Harald Bohr Lecture by Gerd Faltings

HARALD BOHR LECTURE

The Department of Mathematical Sciences is proud to announce our next Harald Bohr Lecturer: Professor Gerd Faltings, Director of the Max Planck Institute for Mathematics in Bonn, will Thursday 29 October 2015 give a lecture titled “Diophantine equations”.

Gerd Faltings writes in his abstract: “I give an overview of what is known and what is conjectured about the solutions of diophantine equations, and what are the techniques involved. For the latter we necessarily touch other fields of mathematics, like moduli spaces, p-adic Galois representations.”

The Harald Bohr Lecture takes place at Auditorium 4, H.C. Ørsted Instituttet, from 15:15 to 16:15. We serve tea, coffee, cakes and chocolates in the lunch room at fourth floor (04.4.19) at 14:45.

Gerd Faltings. (Copyright © Klaus Tschira Stiftung / Peter Badge)

Gerd Faltings

Professor Gerd Faltings, currently the Director of the Max Planck Institute for Mathematics in Bonn, is an outstanding mathematician of our times, world-renowned for his groundbreaking contributions to algebraic geometry and number theory. He received the Fields Medal in 1986 primarily for proving the Mordell conjecture, dating from 1922.

Gerd Faltings studied Mathematics and Physics at the University of Münster starting in 1972, and received his PhD in 1978 under the supervision of Hans-Joachim Nastold.

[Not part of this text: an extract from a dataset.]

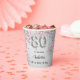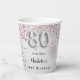 Para una glamorosa y niñita para una fiesta de cumpleaños número 80. Un fondo falso plateado. En el frente y en la parte posterior: Personalice y agregue un nombre y una fecha. Decorada con polvo de purpurina rosa y de plata falsa. El número 80 se escribe con un tipo de letra de estilo globo.

After a one-year research fellowship at Harvard University, he completed his Habilitation at the University of Münster in 1981, and was then appointed to a professorship at the University of Wuppertal (1982-1984). He further held a professorship at Princeton University from 1985 until 1994, when he returned to Germany and has been the Director of the Max Planck Institute in Bonn since 1995.

In addition to the Fields Medal, Gerd Faltings is the recipient of numerous other awards, including a Guggenheim Fellowship in 1988, the Leibniz Prize of the Deutsche Forschungsgemeinschaft (1996), the Karl Georg Christian von Staudt Prize (2008), the Heinz Gumin Prize for Mathematics of the Carl Friedrich von Siemens Foundation (2010), the Federal Cross of Merit 1st Class (2009), the King Faisal International Prize for Science (2014), and the Shaw Prize in Mathematical Sciences (joint with Henryk Iwaniek) in 2015.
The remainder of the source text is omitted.